= Extracted entries =
=== Section Start ===
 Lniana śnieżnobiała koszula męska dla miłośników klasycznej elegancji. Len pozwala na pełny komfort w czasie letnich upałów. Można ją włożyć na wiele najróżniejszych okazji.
=== Section End ===
=== Section Start ===
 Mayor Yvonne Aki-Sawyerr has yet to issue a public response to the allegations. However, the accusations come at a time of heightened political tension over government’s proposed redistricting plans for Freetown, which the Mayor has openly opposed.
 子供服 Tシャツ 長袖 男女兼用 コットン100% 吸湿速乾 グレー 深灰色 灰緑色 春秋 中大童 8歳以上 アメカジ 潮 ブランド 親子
=== Section End ===
In the listing above, find the line containing "Mayor Yvonne Aki-Sawyerr" and the line containing "子供服 Tシャツ 長袖", then repeat those two lines and everything between them exactly.

= Solution to this problem =
 Mayor Yvonne Aki-Sawyerr has yet to issue a public response to the allegations. However, the accusations come at a time of heightened political tension over government’s proposed redistricting plans for Freetown, which the Mayor has openly opposed.
 子供服 Tシャツ 長袖 男女兼用 コットン100% 吸湿速乾 グレー 深灰色 灰緑色 春秋 中大童 8歳以上 アメカジ 潮 ブランド 親子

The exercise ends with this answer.